Among the lines below, a stretch begins at the one with "Myš MX Master" and ends at the one with "Acest produs iese". Repeat that stretch exactly, ends included.

**Records provided**
Segment Open

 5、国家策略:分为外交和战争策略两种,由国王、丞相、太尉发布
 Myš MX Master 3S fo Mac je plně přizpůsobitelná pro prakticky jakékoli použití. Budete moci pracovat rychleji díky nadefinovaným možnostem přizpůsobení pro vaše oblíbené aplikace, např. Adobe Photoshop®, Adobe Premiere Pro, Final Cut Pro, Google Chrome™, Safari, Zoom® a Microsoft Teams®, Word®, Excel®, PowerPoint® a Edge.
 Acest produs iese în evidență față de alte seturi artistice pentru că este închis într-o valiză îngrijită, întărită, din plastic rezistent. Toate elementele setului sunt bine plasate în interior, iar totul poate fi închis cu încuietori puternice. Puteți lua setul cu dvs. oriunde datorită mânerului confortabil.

Segment Closed
Segment Open

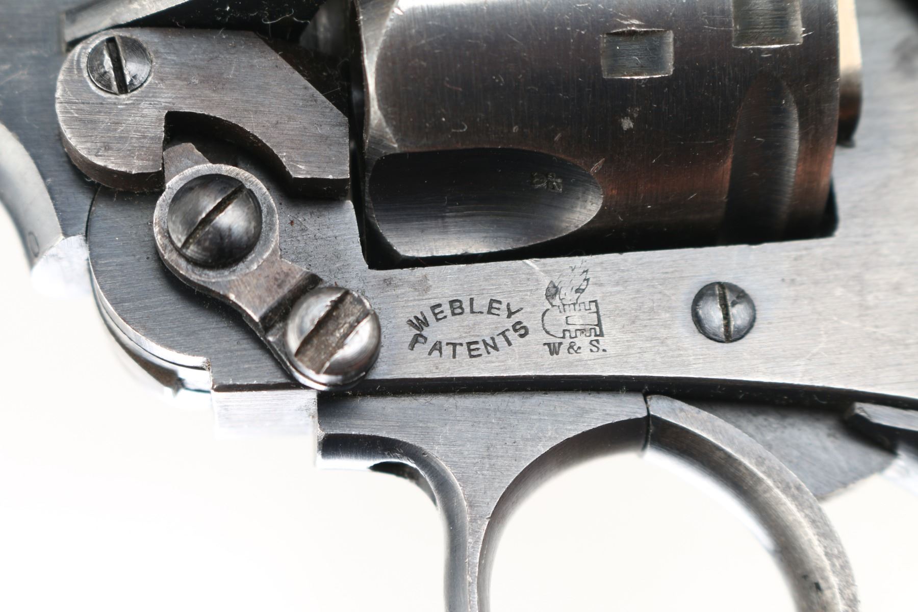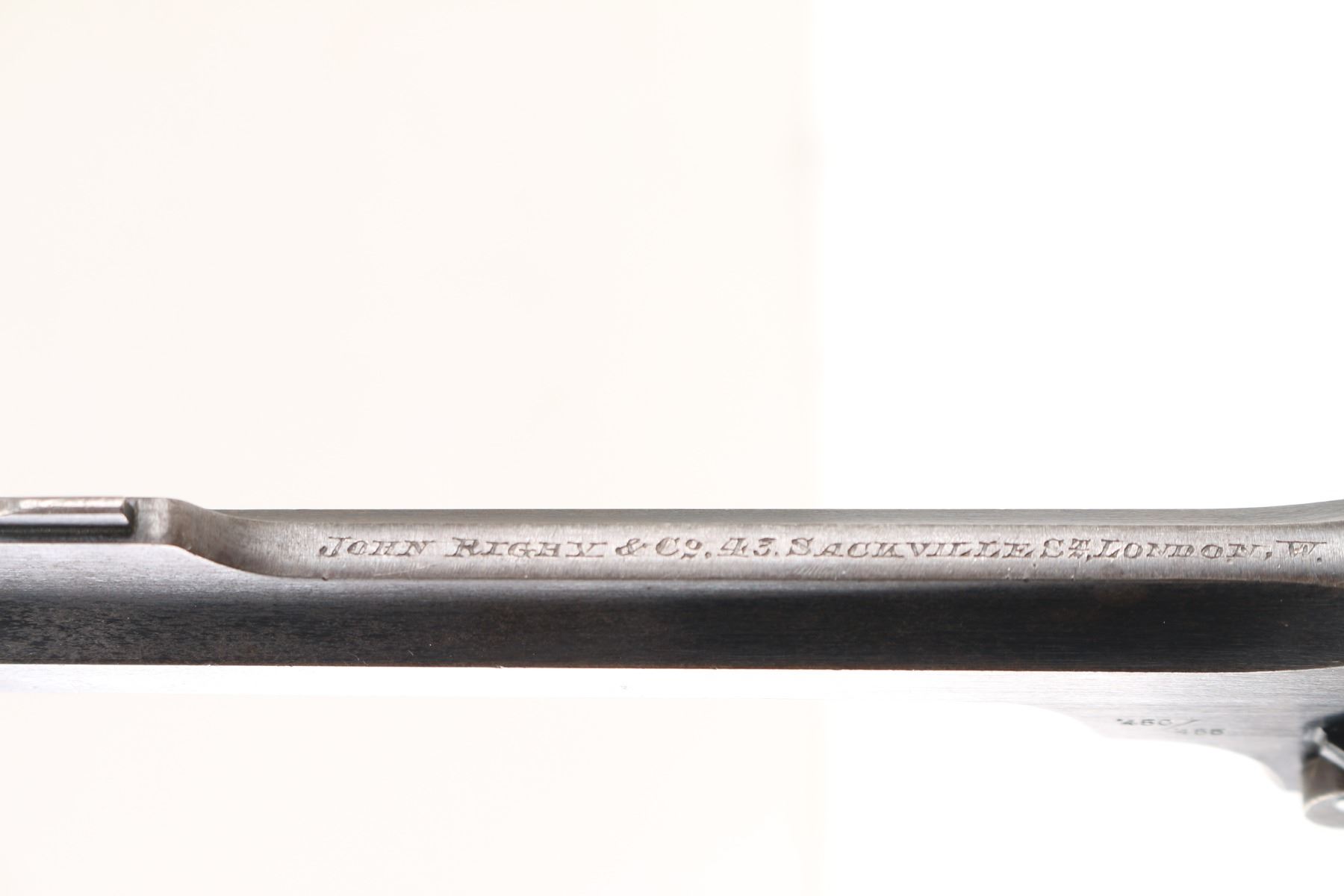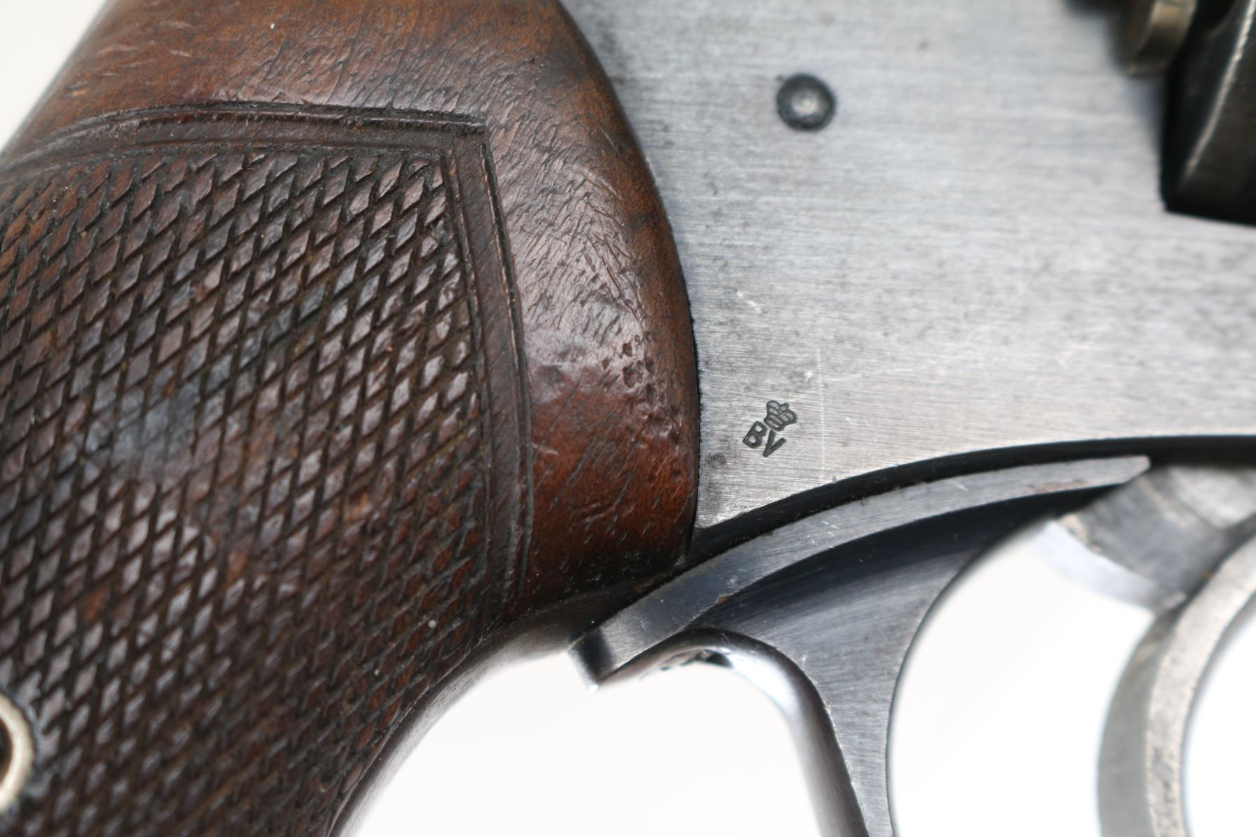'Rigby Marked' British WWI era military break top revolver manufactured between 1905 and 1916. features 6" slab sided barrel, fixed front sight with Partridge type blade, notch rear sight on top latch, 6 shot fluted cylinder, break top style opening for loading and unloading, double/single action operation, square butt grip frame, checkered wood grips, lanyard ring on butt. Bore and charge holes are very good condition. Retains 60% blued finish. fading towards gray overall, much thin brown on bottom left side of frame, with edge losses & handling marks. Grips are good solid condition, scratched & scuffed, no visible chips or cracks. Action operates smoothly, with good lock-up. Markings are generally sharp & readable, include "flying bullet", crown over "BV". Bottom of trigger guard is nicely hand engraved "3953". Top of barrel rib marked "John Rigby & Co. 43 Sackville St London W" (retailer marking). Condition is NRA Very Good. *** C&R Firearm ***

Segment Closed

**Exercise solution**
 Myš MX Master 3S fo Mac je plně přizpůsobitelná pro prakticky jakékoli použití. Budete moci pracovat rychleji díky nadefinovaným možnostem přizpůsobení pro vaše oblíbené aplikace, např. Adobe Photoshop®, Adobe Premiere Pro, Final Cut Pro, Google Chrome™, Safari, Zoom® a Microsoft Teams®, Word®, Excel®, PowerPoint® a Edge.
 Acest produs iese în evidență față de alte seturi artistice pentru că este închis într-o valiză îngrijită, întărită, din plastic rezistent. Toate elementele setului sunt bine plasate în interior, iar totul poate fi închis cu încuietori puternice. Puteți lua setul cu dvs. oriunde datorită mânerului confortabil.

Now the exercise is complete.